Hay que sumarle también las paradojas, o hipocresías de la prensa cultural o incultural: Juan Serrallé, editor de Fundamentos, Juan Luis González Caballero, editor de Valdemar, dicen no recordar ni una sola crítica sobre sus ediciones de Sade, pese a que Serrallé editó por vez primera en lengua española las ediciones de Justine y Juliette, y Valdemar La nueva Justine.
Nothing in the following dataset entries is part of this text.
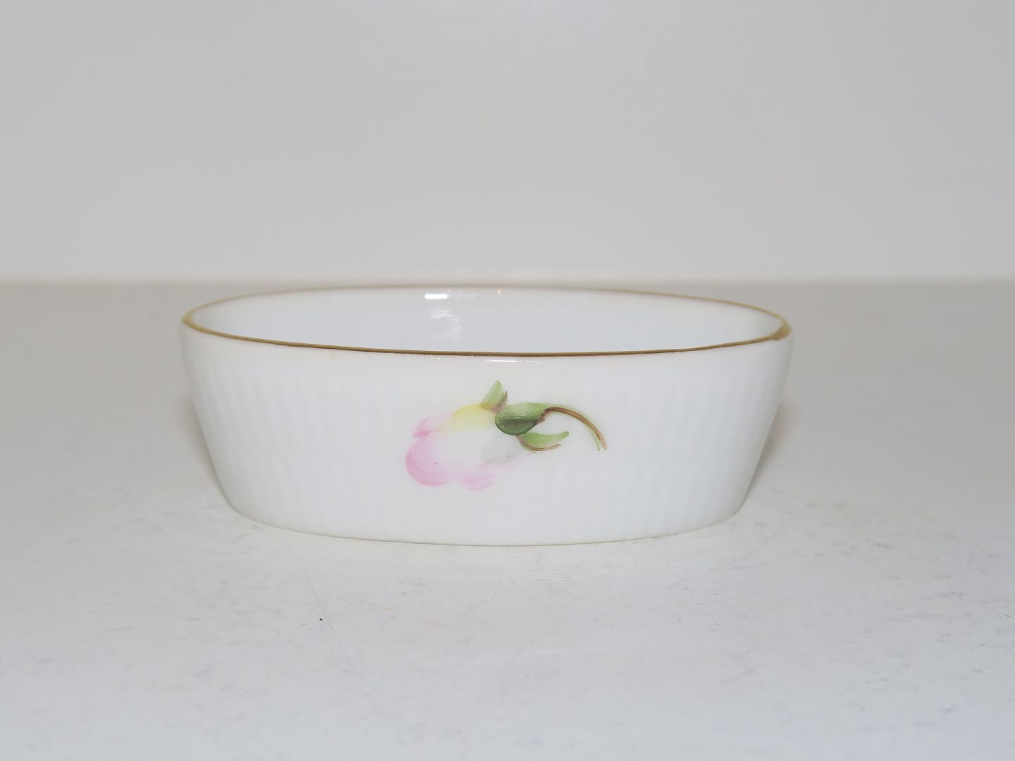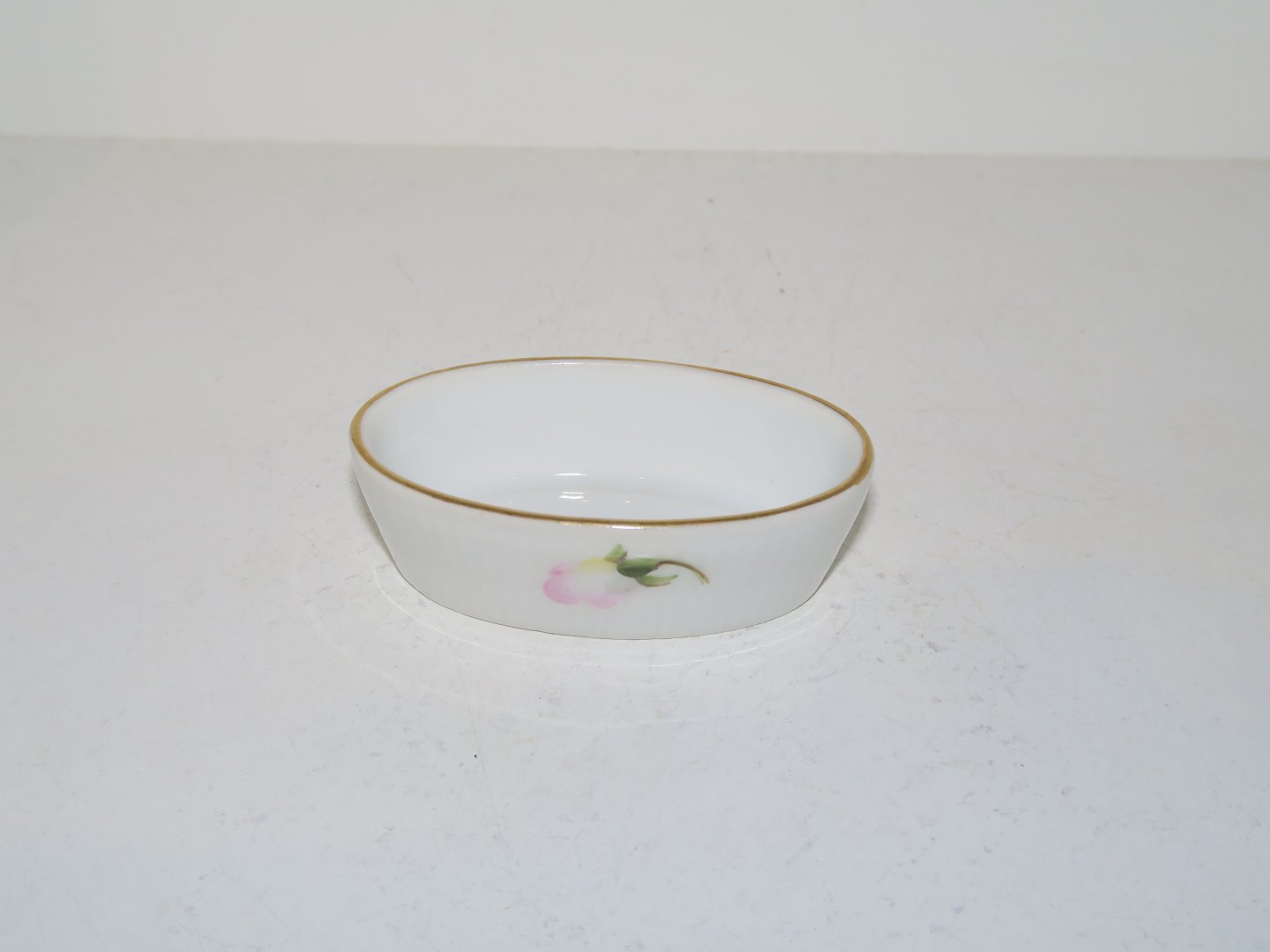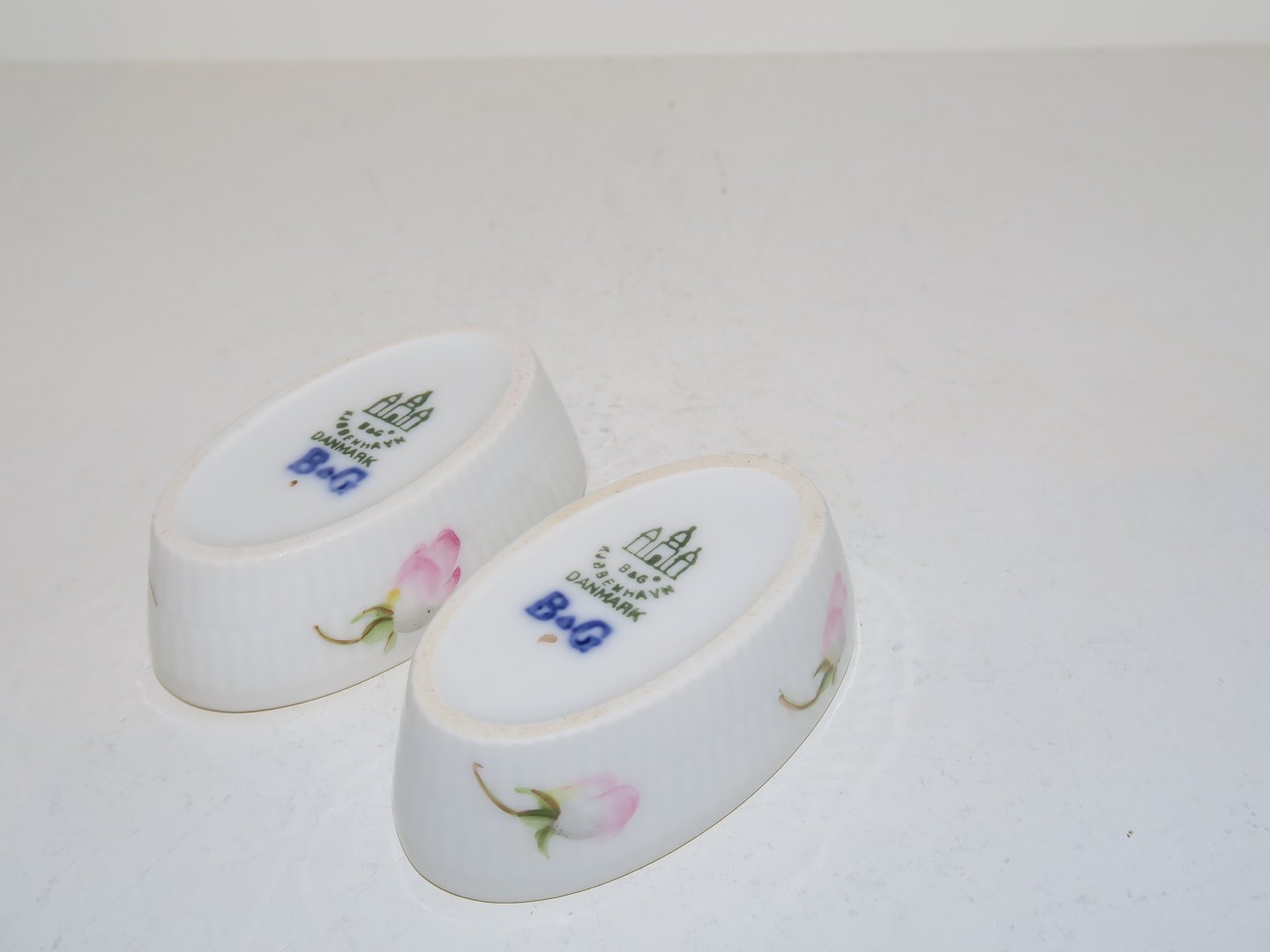Bing & Grøndahl Prinsesse Margrethe, ovalt saltkar dekoreret med lyserøde æbleblomster.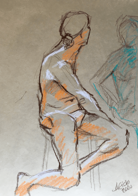 Die Anatomie des Menschen zählt zur klassischen Ausbildung jeder Künstlerin. Den Bau des Skeletts, der Muskulatur und der Proportionen wiedergeben zu können ist das eine – mich reizt darüber hinaus allerdings der Ausdruck, der sich in der Pose des jeweiligen Modells widerspiegelt. Hier versuche ich, nicht nur das Äußere, sondern auch das Innere des Menschen einzufangen.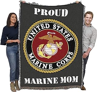 アメリカ海兵隊 - Proud Momエンブレム - コットン織ブランケットスロー - 米国製 (72x54)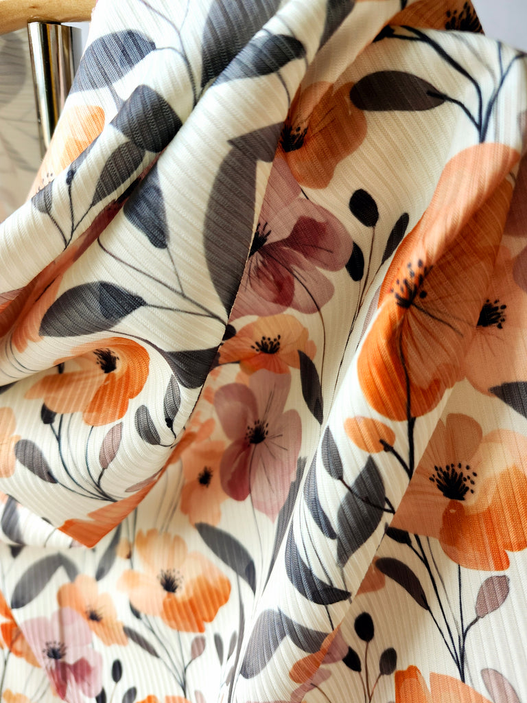THIS IS A LIGHTWEIGHT KNIT, SIMILAR TO DTY. IT HAS A SMOOTH, ALMOST SILKY FEEL WITH A RIB TEXTURE, NOT CLINGY. IT HAS STRETCH WITH GOOD RECOVERY. PERFECT FOR DRESSES, SKIRTS OR A TOP.

Sin embargo, cada ensayo sobre Sade o cualquiera de sus biografías merece el honor de la reseña; otra cosa es que estas reseñas se construyan a base de tópicos, y que, cuando el autor de la biografía es un crítico español nadie denuncie ni subraye sus múltiples errores: por ejemplo, los que en su biografía divulgativa cometió Rafael Conte, crítico unas veces de ABC, otras de El País, en su Yo, Sade: sin entrar a valorar la visión ideológica que Conte mantiene sobre el marqués –sería demasiado fácil relacionar las interpretaciones de corte nazi (Pasolini) de los textos de Sade con la camisa azul que este periodista tardó tanto en quitarse–,  lo cierto es que en su ensayo aparece errado lo mínimo que puede exigirse a un libro divulgativo: errores de fechas, trastrueque de nombres, etc.

En esa misma dirección pacata puede señalarse los numerosos ensayos que sobre Sade figuran en la biblioteca del Institut Français de Madrid –centro educativo para estudiantes de francés–, frente a los tres o cuatro títulos de textos sadianos; hecho que, paradójicamente, no se produce en una biblioteca madrileña, la “Gloria Fuertes” (Alameda de Osuna), en la que mi exceso de puntualidad a una cita me permitió hacer una cala en su catálogo: Sade estaba perfectamente representado, con las ediciones más recientes en español: desde La Filosofía en el tocador, considerado el más duro de los textos salidanos, a esas dos hermanas que dan título a Justine  y a su continuación, Juliette, Las ciento veinte jornadas de Sodoma, etc.

Como el Marat-Sade que se estrena esta semana, el día 22, estará varios meses en cartel, habrá tiempo para volver sobre el personaje terrible en que el desconocimiento ha convertido al marqués de Sade.